--- Material provided ---
--- START ---

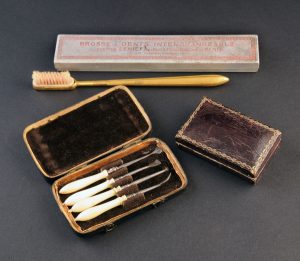 - 2 trousses à détartrage et 2 brosses à dents. Composé de 2 trousses à détartrage. France. Une du XVIIIe siècle présente un étui gainé de chagrin noir et velours noir à l'intérieur. On compte quatre instruments avec manches en ivoire, dont un n'est pas de même facture. La deuxième trousse du XIXe, plus petite, se compose d'un étui en bois recouvert de maroquin à grain long. Du velours vert tapisse l'intérieur ainsi qu'un miroir d'origine, à encadrement orné. L'ensemble comporte huit rugines avec manche en ivoire tourné. Cet élégant petit nécessaire d'hygiène dentaire était utilisable par des non-praticiens de l'Art Dentaire pour l'entretien courant et les nettoyages de bouches ; et d'1ravissante brosse à dent interchangeable, avec un manche en métal doré, Paris, Docteur Lenief ; la brosse en os et crins, début XXe. Elle est conservée dans sa boîte d'origine en aluminium. Le mode d'emploi est encollé sur le couvercle.
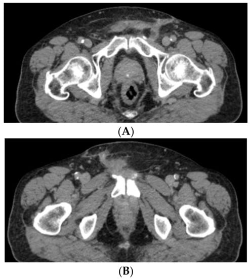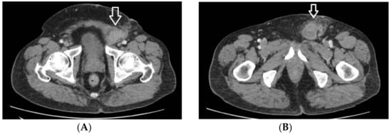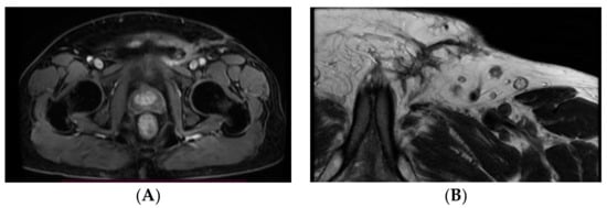 About one and a half months after the second surgical procedure, pelvic Magnetic Resonance Imaging (MRI) is performed (Figure 4A,B), revealing a recent postoperative aspect in the left inguinal and femoral area, with associated inflammatory modifications. In addition, it reveals external iliac lymph nodes of a maximum 21/7 mm size on the right side and 19/6 mm on the left side, and inguinofemoral lymph nodes of a maximum of 13/8 mm in size on the right side and 13/9 mm on the left side. In addition, the pectineal muscle presents in its 1/3 anterior region a few muscle bundles with modified signal (short tau inversion recovery (STIR) hypersignal), gadolinium enhancement—inflammatory modifications or tumor invasion, as well as a few satellite lymph nodes of maximum 7/6 mm in size.
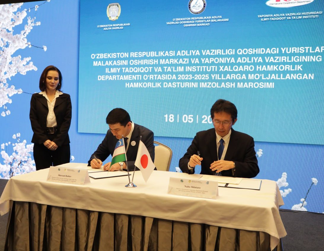 “TOSHKENT HUQUQ BAHORI” III xalqaro yuridik forumi doirasida Yuristlar malakasini oshirish markazi va  Yaponiya Adliya vazirligining ilmiy-tadqiqot va taʼlim instituti oʻrtasida “Hamkorlik dasturi”ni imzolash marosimi  boʻlib oʻtdi.
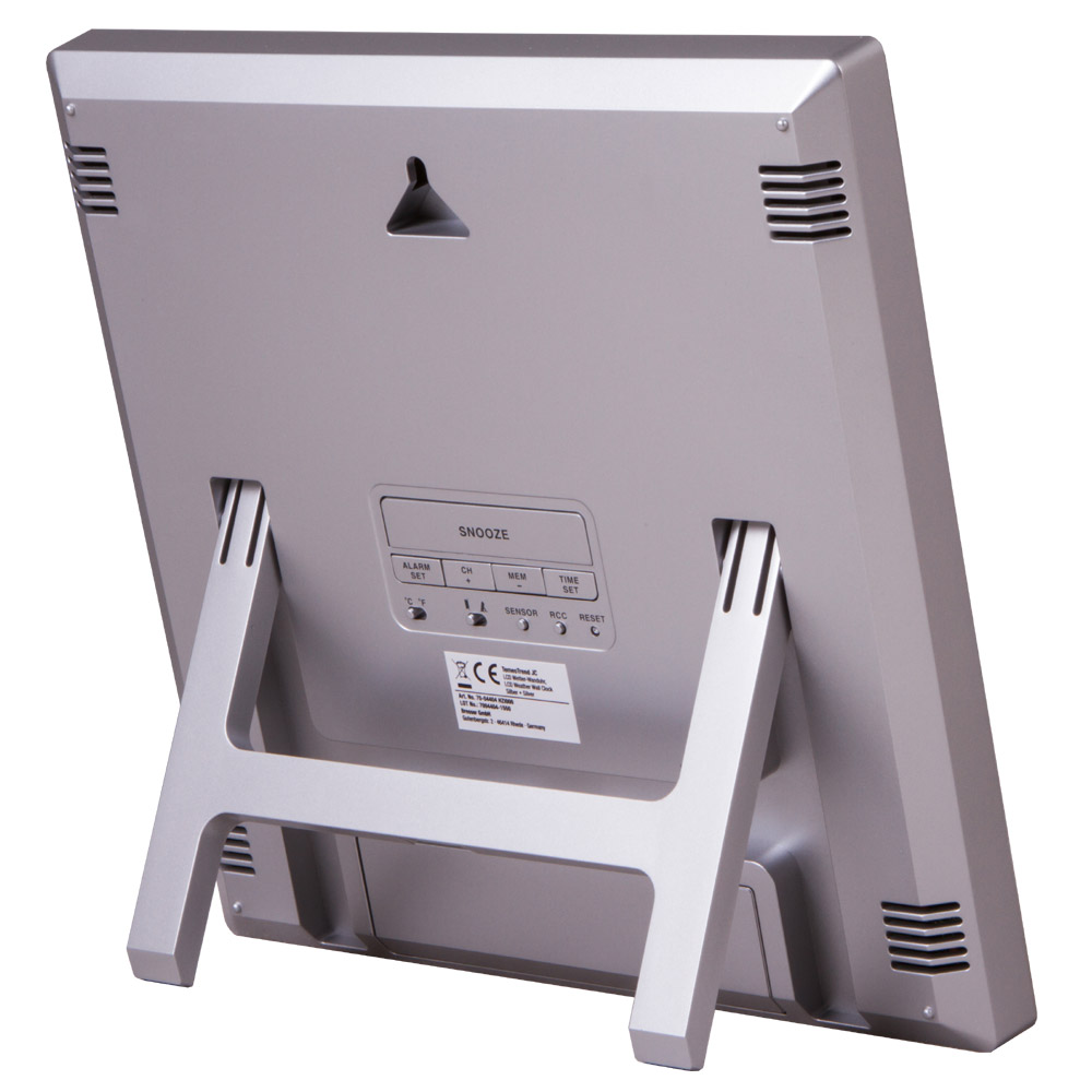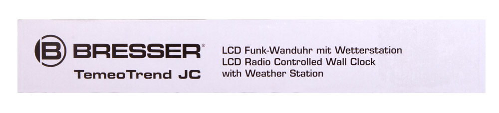 Bresser TemeoTrend JC LCD – метеостанция и настенные часы в одном приборе. Он умеет измерять температуру и влажность воздуха, составлять прогноз погоды на ближайшее время, а также показывает текущее время. Есть функция будильника. Метеостанция комплектуется наружным датчиком, поэтому измерения можно проводить сразу в двух местах одновременно – внутри дома и на улице. К метеостанции можно подключить до 3 таких датчиков (приобретаются отдельно). Вся информация выводится на монохромный цифровой экран. Символы крупные и четко различимые даже с большого расстояния. Верхняя половина экрана занята часами, в нижней расположен блок прогноза погоды и блоки наружной и внутренней температуры и влажности воздуха. Небольшой экран есть и на датчике – на нем отображаются только измеряемые им показания. При подключении датчиков не используются провода – вся информация передается по радиоканалу. Для питания используются батарейки (нет в комплекте, необходимы и для основного модуля, и для наружного датчика). Основные особенности: - Широкий экран с крупными символами, видимыми на большом расстоянии

--- END ---

--- What the task requires ---
Give back the material above exactly, with each picture removed.

--- Solution for this exercise ---
 - 2 trousses à détartrage et 2 brosses à dents. Composé de 2 trousses à détartrage. France. Une du XVIIIe siècle présente un étui gainé de chagrin noir et velours noir à l'intérieur. On compte quatre instruments avec manches en ivoire, dont un n'est pas de même facture. La deuxième trousse du XIXe, plus petite, se compose d'un étui en bois recouvert de maroquin à grain long. Du velours vert tapisse l'intérieur ainsi qu'un miroir d'origine, à encadrement orné. L'ensemble comporte huit rugines avec manche en ivoire tourné. Cet élégant petit nécessaire d'hygiène dentaire était utilisable par des non-praticiens de l'Art Dentaire pour l'entretien courant et les nettoyages de bouches ; et d'1ravissante brosse à dent interchangeable, avec un manche en métal doré, Paris, Docteur Lenief ; la brosse en os et crins, début XXe. Elle est conservée dans sa boîte d'origine en aluminium. Le mode d'emploi est encollé sur le couvercle.
 About one and a half months after the second surgical procedure, pelvic Magnetic Resonance Imaging (MRI) is performed (Figure 4A,B), revealing a recent postoperative aspect in the left inguinal and femoral area, with associated inflammatory modifications. In addition, it reveals external iliac lymph nodes of a maximum 21/7 mm size on the right side and 19/6 mm on the left side, and inguinofemoral lymph nodes of a maximum of 13/8 mm in size on the right side and 13/9 mm on the left side. In addition, the pectineal muscle presents in its 1/3 anterior region a few muscle bundles with modified signal (short tau inversion recovery (STIR) hypersignal), gadolinium enhancement—inflammatory modifications or tumor invasion, as well as a few satellite lymph nodes of maximum 7/6 mm in size.
 “TOSHKENT HUQUQ BAHORI” III xalqaro yuridik forumi doirasida Yuristlar malakasini oshirish markazi va  Yaponiya Adliya vazirligining ilmiy-tadqiqot va taʼlim instituti oʻrtasida “Hamkorlik dasturi”ni imzolash marosimi  boʻlib oʻtdi.
 Bresser TemeoTrend JC LCD – метеостанция и настенные часы в одном приборе. Он умеет измерять температуру и влажность воздуха, составлять прогноз погоды на ближайшее время, а также показывает текущее время. Есть функция будильника. Метеостанция комплектуется наружным датчиком, поэтому измерения можно проводить сразу в двух местах одновременно – внутри дома и на улице. К метеостанции можно подключить до 3 таких датчиков (приобретаются отдельно). Вся информация выводится на монохромный цифровой экран. Символы крупные и четко различимые даже с большого расстояния. Верхняя половина экрана занята часами, в нижней расположен блок прогноза погоды и блоки наружной и внутренней температуры и влажности воздуха. Небольшой экран есть и на датчике – на нем отображаются только измеряемые им показания. При подключении датчиков не используются провода – вся информация передается по радиоканалу. Для питания используются батарейки (нет в комплекте, необходимы и для основного модуля, и для наружного датчика). Основные особенности: - Широкий экран с крупными символами, видимыми на большом расстоянии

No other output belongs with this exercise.